The film’s self-proclaimed “Ungli Gang” exists to “give corruption the finger” by donning ski masks, staging elaborate stings, recording everything, and sending the embarrassing evidence to the news media. The general public laps it up, and the gang’s four masked avengers soon attain superstar status.
Journalist Abhay (Randeep Hooda, Jism 2) leads a quartet of pissed-off urbanites set on tearing down the corrupt status quo, including a medical intern (Kangana Ranaut, Queen); a computer genius (Neil Bhoopalam); and a mechanic (Angad Bedi). An interloper who joins the group (Emraan Hashmi, The Dirty Picture and Danis Tanovic’s 2014 Toronto feature Tigers) contributes a satisfying twist to the story.
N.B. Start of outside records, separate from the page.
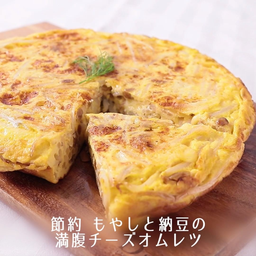 ④節約 もやしと納豆の満腹チーズオムレツ
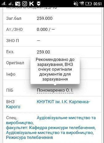Мій син, Александр Пономаренко (Olexandr Ponomarenko) давно і надійно розчаровує батька. Хоч батько йому вже років з п'ять тому сказав, що освіті в Україні приходить гаплик (і навіть заставив його довчитися з цього приводу до англійської на 186, а німецької на B2) він вперто вірить в якісь дива на кшталт чесного вступу, професійної гідності освітян і так далі і таке інше. І от, щоб остаточно добити старого (тобто мене) він пішов в Карпенка-Карого (!) на режисера (!!!) на бюджет (!!!!!). Туди, хто не знає, як в рідний КНУБіА, крім ЗНО здається ще "творчий конкурс". Бюджетних місць - 8. Ну, на курси ходив підготовчі, само собою. Ну і взагалі він в мене, на жаль, далеко не пролетарій - купа медалей з бально-спортивних танців, купа виграних для школи творчих конкурсів типу "Європа очима школярів", оповідання пише, організація і проведення чи не кожного фесту типу Comic Con чи там The Pit. Творча дитинка в цілому.
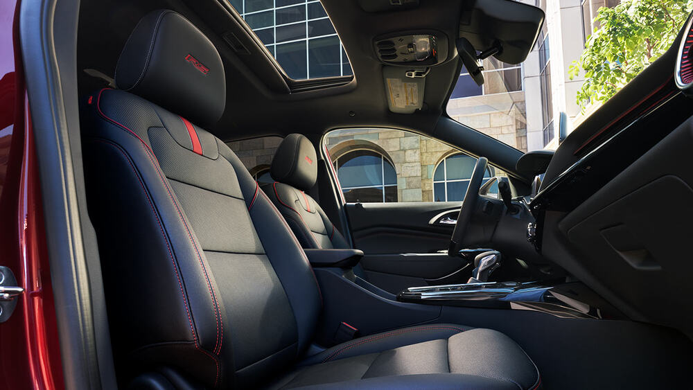• The distinct red accents in the Redline are also flaunted in its Jet Black interior. The seats are in two-tone black and cool gray, with 8-way power-adjust for the driver. The driver information center is upgraded to an 8” full digital cluster, with a large 11” touchscreen infotainment system. It’s also equipped with Power Liftgate with Height Adjust
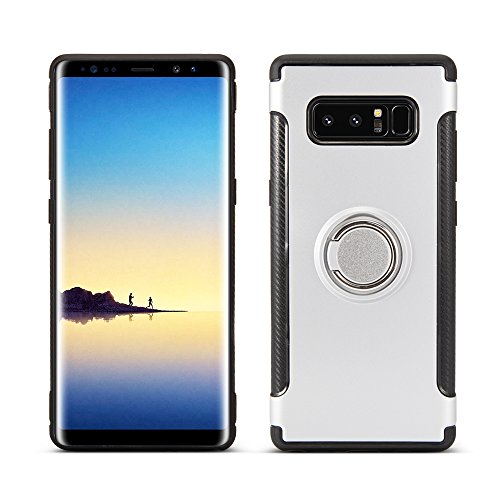 -. Feature : Compatible and Designed for Samsung Galaxy Note 8 / 2 in 1 dual layer case is made from durable plastic and high quality TPU to reduce the risk of damage. / The ring holder is not only a grip, but also a kickstand. It can hold the phone with your finger to avoid slipping, and the 360 degree rotating kickstand is convenient for transform into a mini media center. / Back of the case built-in metal plate can be fixed on the magnetic car mount holder(not included) / The interior of case has a groove texture to cool your phone by enhance the air velocity and volatilize.
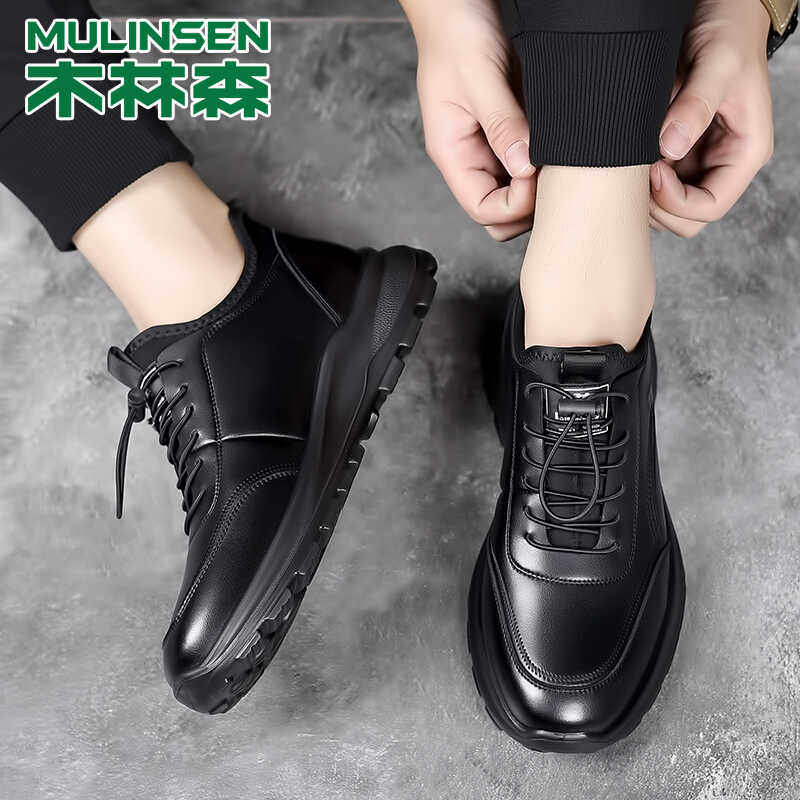 木林森透气男士软底百搭休闲皮鞋
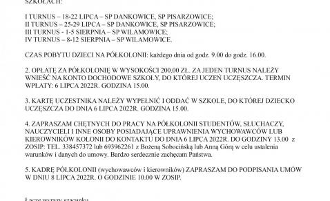 PÓŁKOLONIE LETNIE GMINY WILAMOWICE
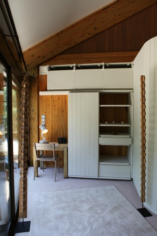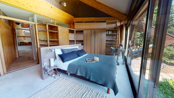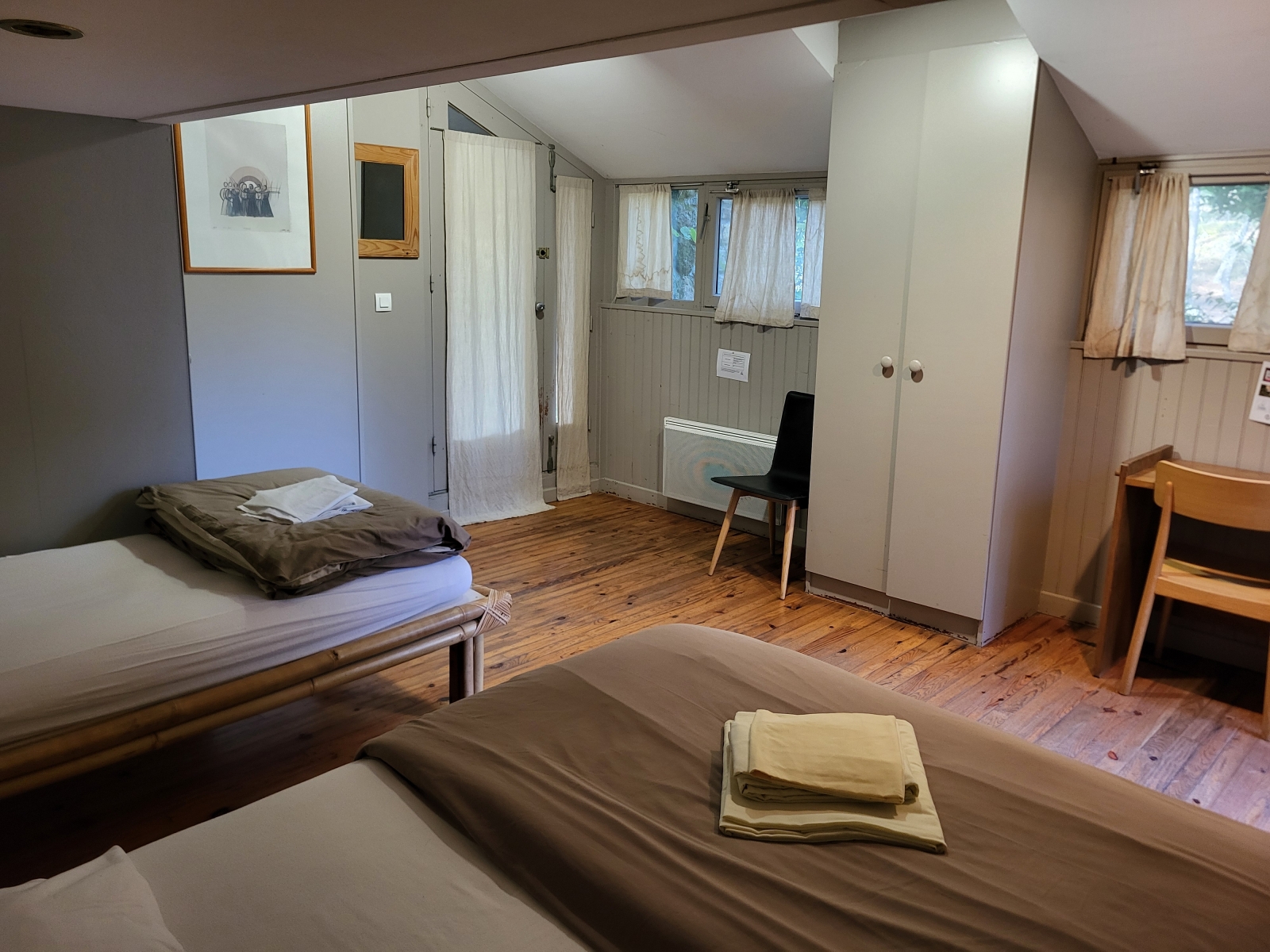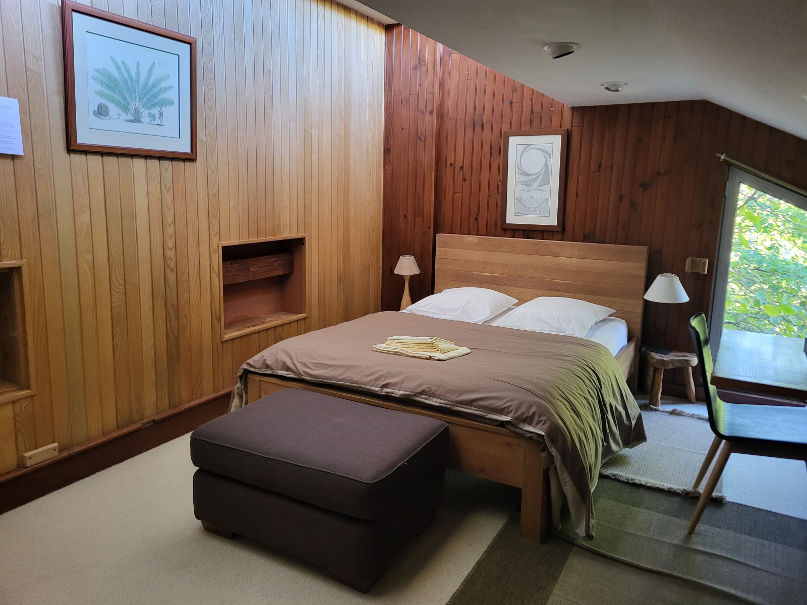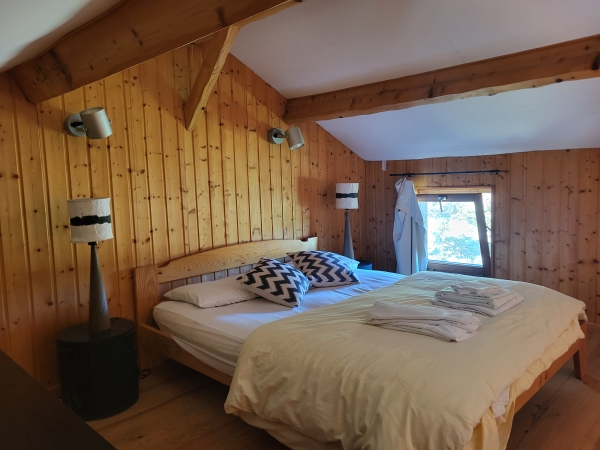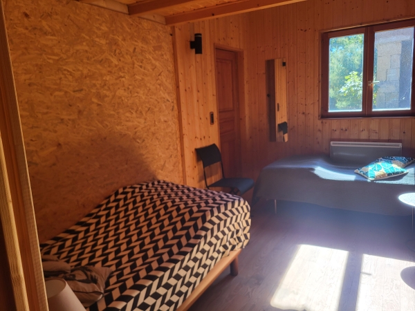 Cette chambre est équipée d'une fenêtre et d'une porte fenêtre vitrée ouvrant directement sur la prairie.
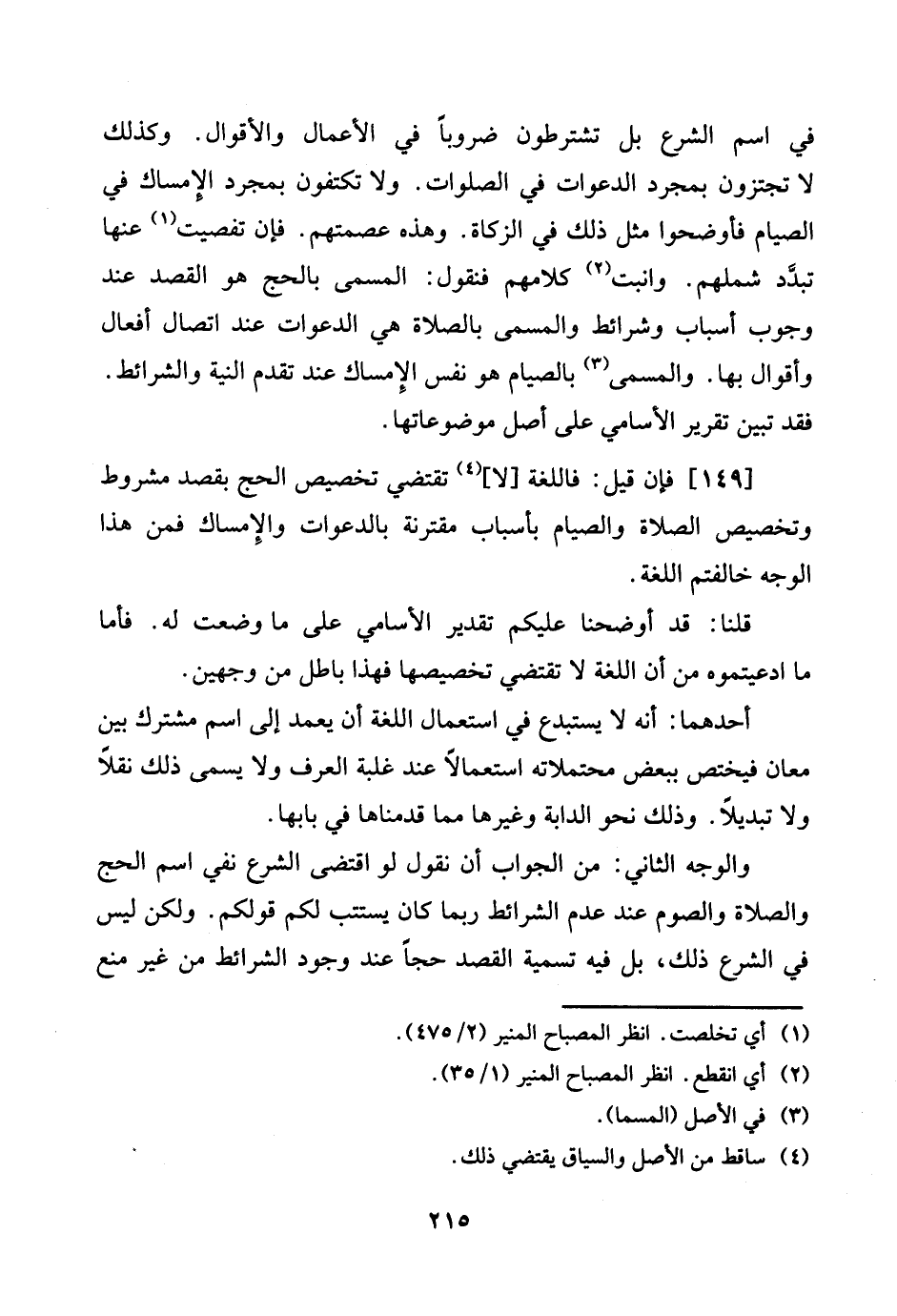 [149] فَإِن قيل: فاللغة [لَا] تَقْتَضِي تَخْصِيص الْحَج بِقصد مَشْرُوط وَتَخْصِيص الصَّلَاة وَالصِّيَام بِأَسْبَاب مقترنة بالدعوات والإمساك فَمن هَذَا الْوَجْه خالفتم اللُّغَة.
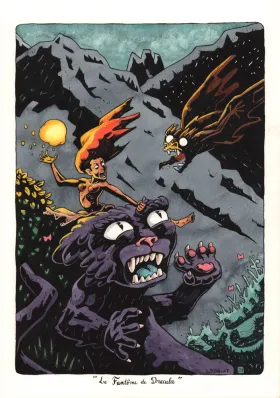 La sorcière chat et le Fantôme de Dracula Illustration Une sorcière chevauchant un chat est attaquée par le fantôme de Dracula métamorphosé en chauve-souris. et s'apprête à lui lancer une boule de feu.
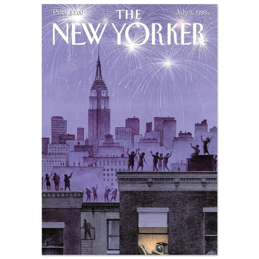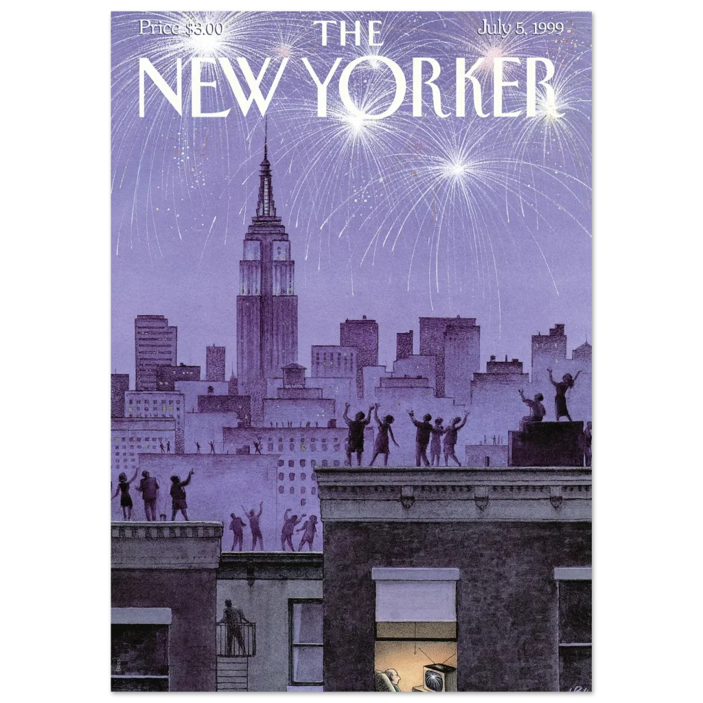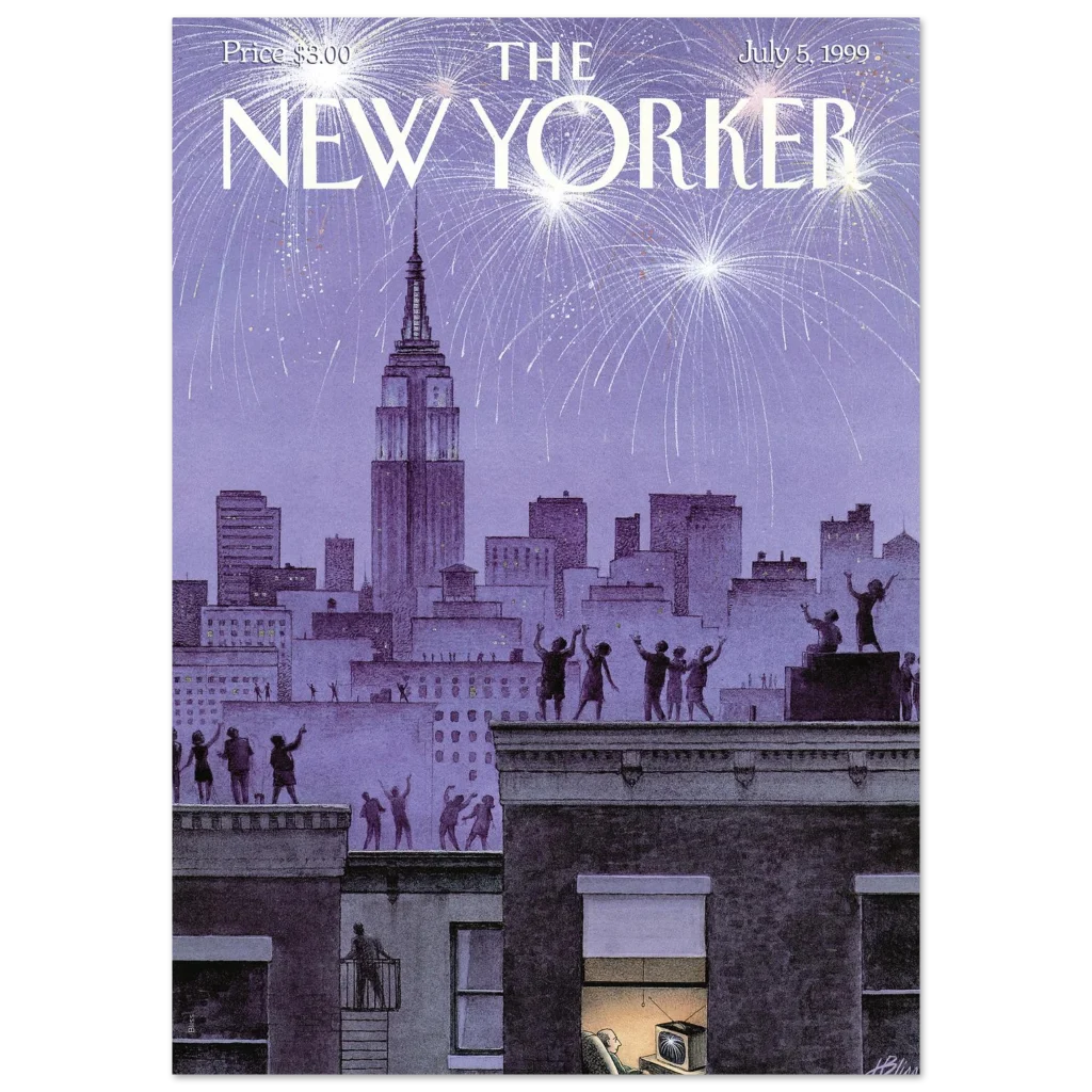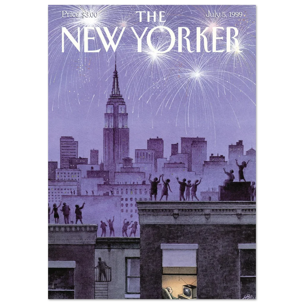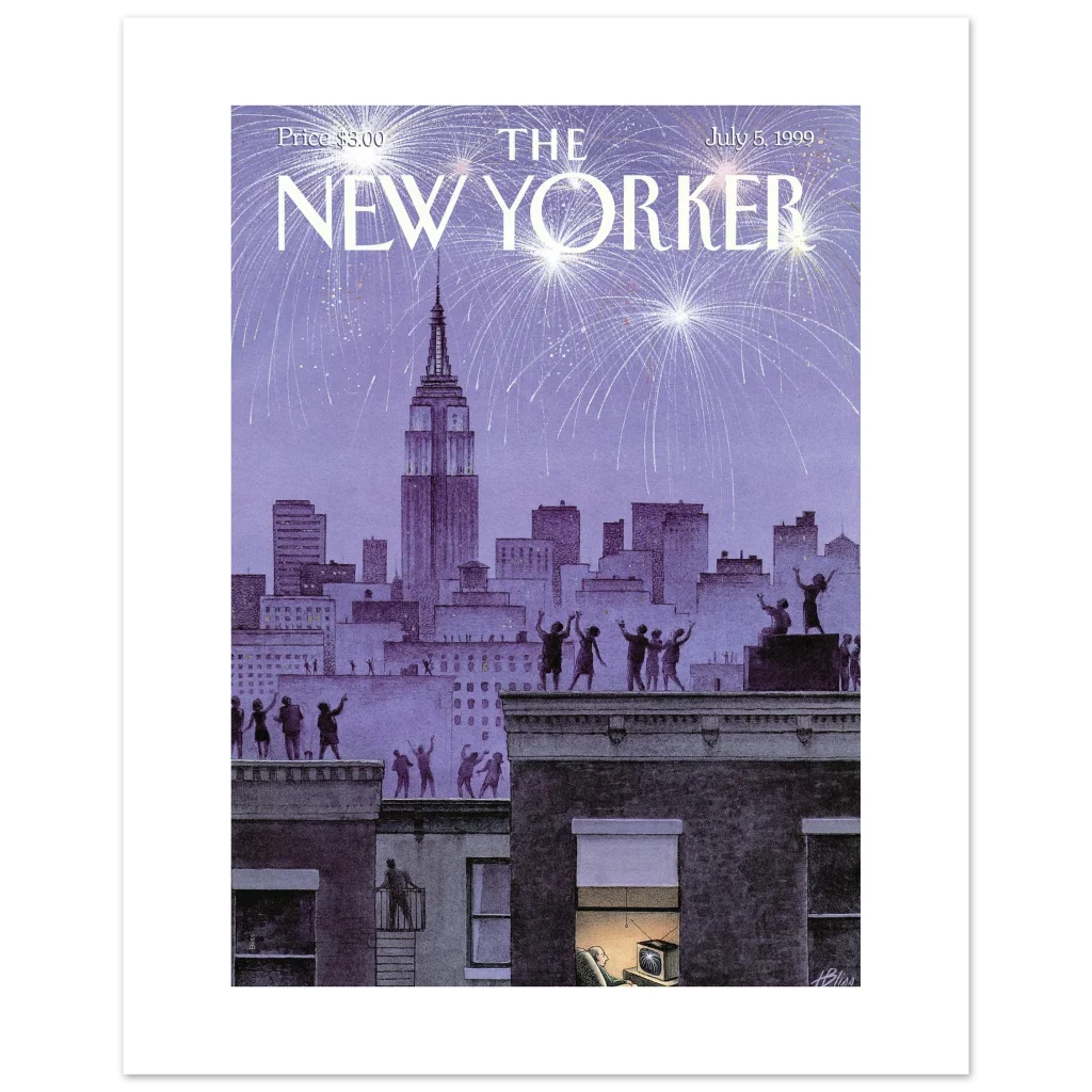 Capture the enchanting spirit of a New York summer night with this captivating poster, featuring a cityscape bathed in the soft glow of distant fireworks. It’s a whimsical scene that evokes both joyous celebration and quiet contemplation, perfect for adding a touch of urban charm and nostalgic wonder to any space.
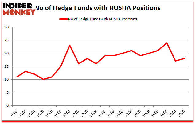 Rush Enterprises, Inc. (NASDAQ:RUSHA) shareholders have witnessed an increase in hedge fund interest recently. Rush Enterprises, Inc. (NASDAQ:RUSHA) was in 18 hedge funds’ portfolios at the end of the second quarter of 2020. The all time high for this statistics is 24. There were 17 hedge funds in our database with RUSHA positions at the end of the first quarter. Our calculations also showed that RUSHA isn’t among the 30 most popular stocks among hedge funds (click for Q2 rankings and see the video for a quick look at the top 5 stocks).

Writer-director Renzil D’Silva — a force behind the official Indian remake of Fox Television’s 24 — deserves credit for depicting the women in this film as capable and strong (Shraddha Kapoor’s nightclub “item song” aside); and especially for casting Sanjay Dutt as the police officer out to make an example of the gang. Dutt, a megastar of the ’80s and ’90s, is currently serving a five-year sentence for firearms charges connected to the 1993 Mumbai blasts that left more than 350 dead.
Dutt was allowed a brief period of parole to shoot this film. News junkies may find it ironically satisfying to hear him deliver lines about the force of justice and the exalted position of law enforcement.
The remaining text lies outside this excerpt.